I love to answer this question. Writing about this period and area came to me when I was doing doctoral studies in music history at Yale; I was introduced in a class to the women troubadours, “trobairitz,” of medieval Southern France—the Midi. I took a trip to the area to do some research and I fell completely in love with the region, the music, the history, the religion—especially the Cathar sect, which flourished there in the 12th and 13th centuries until they were driven to flee to the fortified mountaintop castle of Montsegur. I decided I wanted to write about that time and place, and of course it was important to me to weave in the music.
What were your go-to books for your research?
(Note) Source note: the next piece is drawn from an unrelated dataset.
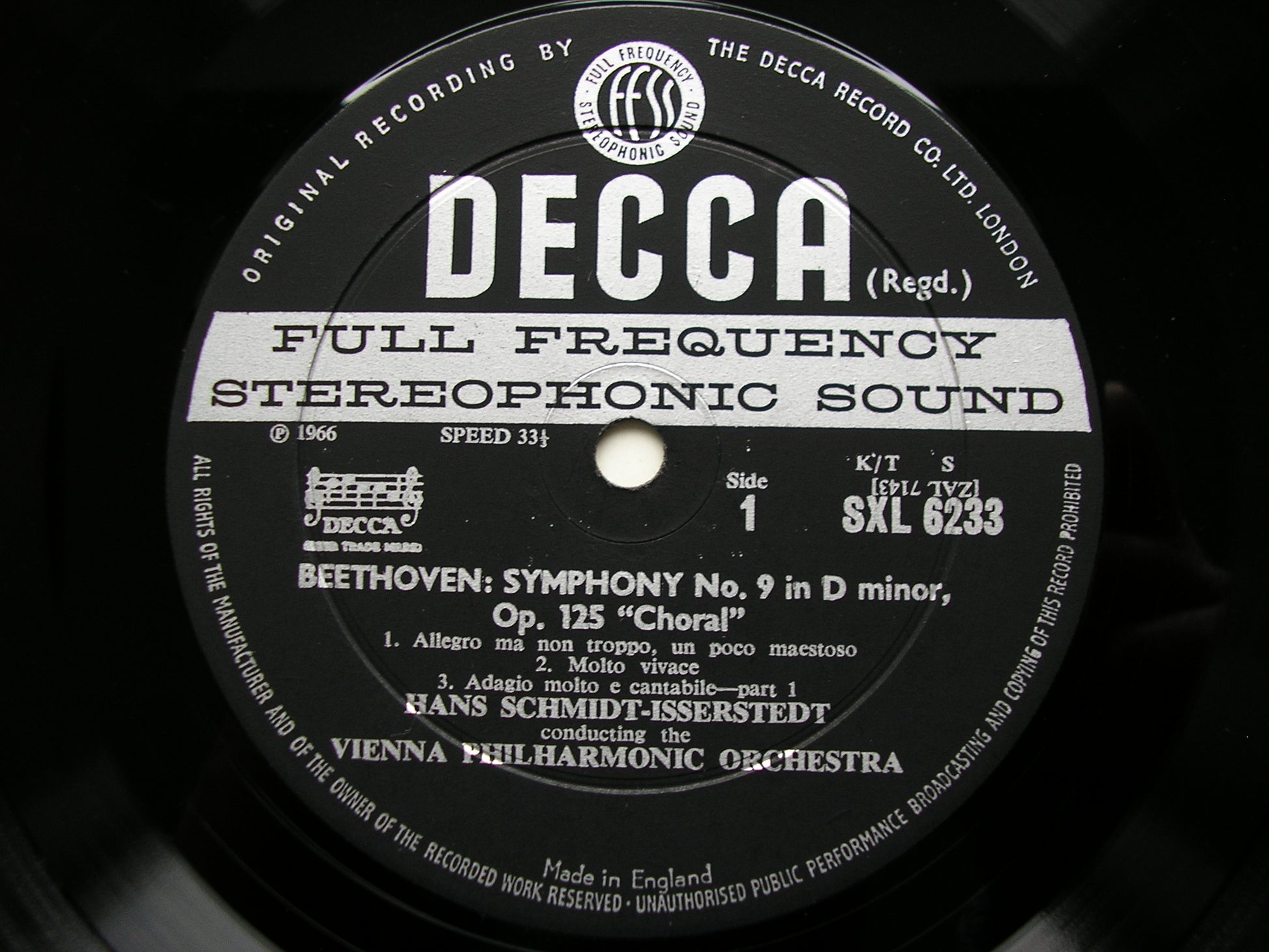 SXL 6233 BEETHOVEN: SYMPHONY No. 9 'Choral' SOLOISTS / VIENNA PHILHARMONIC / SCHMIDT-ISSERSTEDT ED1

Eileen Power’s Medieval Women as a general reference book; the one that’s the best about the region is Montaillou, The Portrait of Life in a Medieval Village. I also learned a little about how to speak the old Occitan language from a book and CD I discovered.
Tell us about those Albigensian Cathars.
The Cathar religion that flourished in that part of France is very humble. It came from Bulgaria and Germany and their Christian beliefs were simple and very different from Catholicism, which put them at odds with the powerful Papist majority that dominated most of Europe. There was no holy Trinity, because they believed Jesus was an ordinary man who married and had children; there was no Hell, only Heaven; and attaining a state of perfection was the only way to get to Heaven. Many Cathars led very ascetic lives in order to attain perfection before they died. If they didn’t, they would return in some reincarnated form and try again. Important for my story is that women were just as powerful in that religious hierarchy, and indeed women comprised the majority of Cathars. Their teachings and beliefs terrified the Catholic church, which thought there should be no other teachings but theirs. So the Cathars were horribly hounded and persecuted. The Albigensian Crusades were the only crusades waged by Christians on Christians. It was brutal and bloody.
Who of your minor characters wormed his or her unexpected way into your heart in Voices in the Mist?
Baron de Balascon. He is a complicated person, with divided loyalties, and he charmed me. I did have some grudging respect for the mother-in-law, who had dynastic reasons for being the antagonistic person she was.
What is your next project?
I am publishing The Portraitist with She Writes Press in August 2022. It’s about the 18th-century French artist, Adelaïde Labille-Guiard, whose self-portrait has always been one of my favorite paintings in the Metropolitan Museum in NYC.
What is the last book you read?
Whereabouts by Jumpa Lahiri. It is magnificent. Oh, and James Mitchell Kaplan’s lovely book Rhapsody—about Gershwin.